[Problem description] For the data below, restate word for word only the lines from the line containing "英魂长在 守护着家国 |" through the line containing "deseo saludar a", both ends included.

[Entries shown]
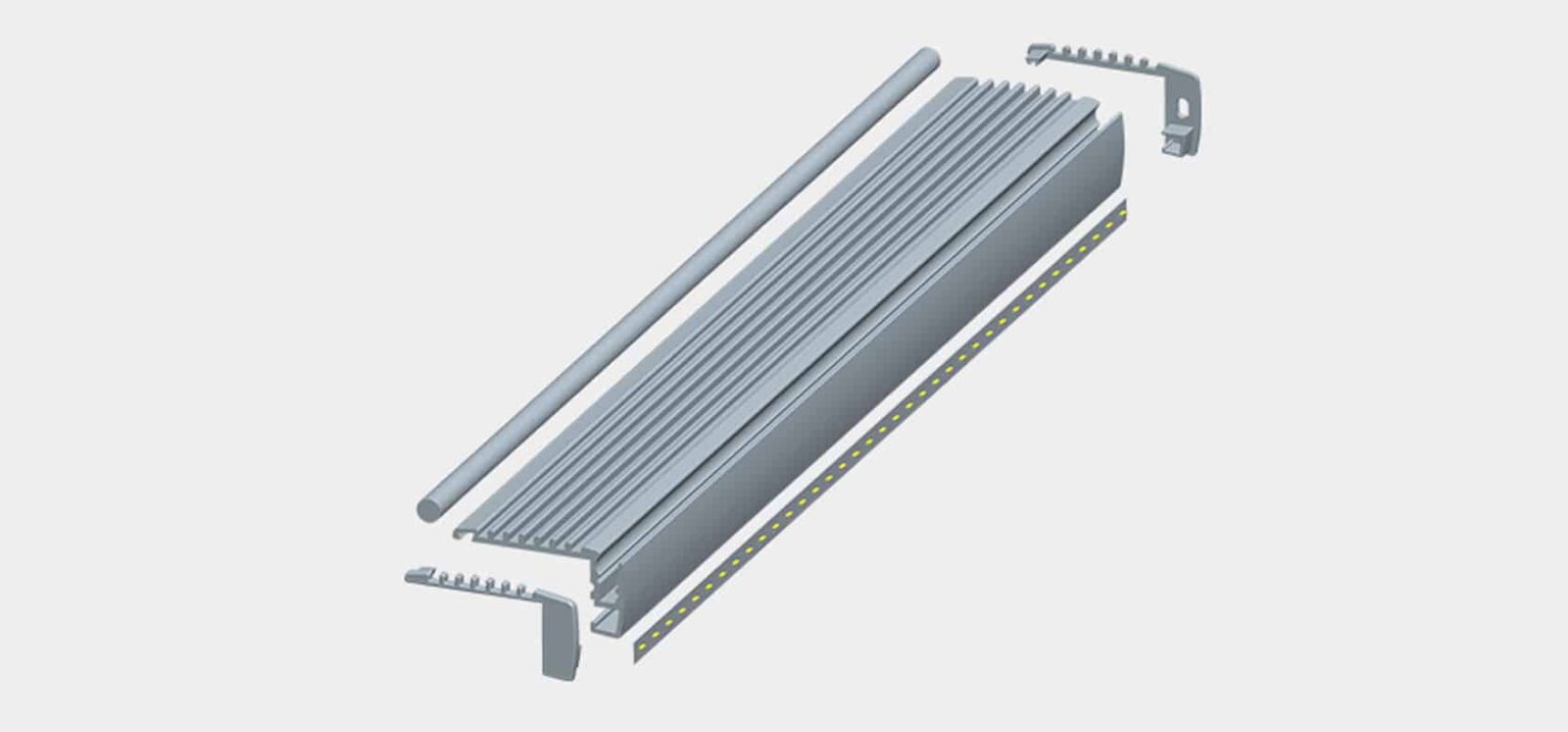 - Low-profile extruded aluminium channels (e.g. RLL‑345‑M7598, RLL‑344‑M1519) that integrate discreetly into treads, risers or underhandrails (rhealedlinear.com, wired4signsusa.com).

---

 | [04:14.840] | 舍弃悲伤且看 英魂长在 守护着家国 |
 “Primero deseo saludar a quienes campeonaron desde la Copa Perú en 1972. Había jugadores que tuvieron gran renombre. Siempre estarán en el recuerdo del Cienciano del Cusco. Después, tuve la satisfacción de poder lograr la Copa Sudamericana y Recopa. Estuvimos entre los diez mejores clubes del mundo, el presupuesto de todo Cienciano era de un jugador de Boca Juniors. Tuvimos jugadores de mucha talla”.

[Output for this exercise]
 | [04:14.840] | 舍弃悲伤且看 英魂长在 守护着家国 |
 “Primero deseo saludar a quienes campeonaron desde la Copa Perú en 1972. Había jugadores que tuvieron gran renombre. Siempre estarán en el recuerdo del Cienciano del Cusco. Después, tuve la satisfacción de poder lograr la Copa Sudamericana y Recopa. Estuvimos entre los diez mejores clubes del mundo, el presupuesto de todo Cienciano era de un jugador de Boca Juniors. Tuvimos jugadores de mucha talla”.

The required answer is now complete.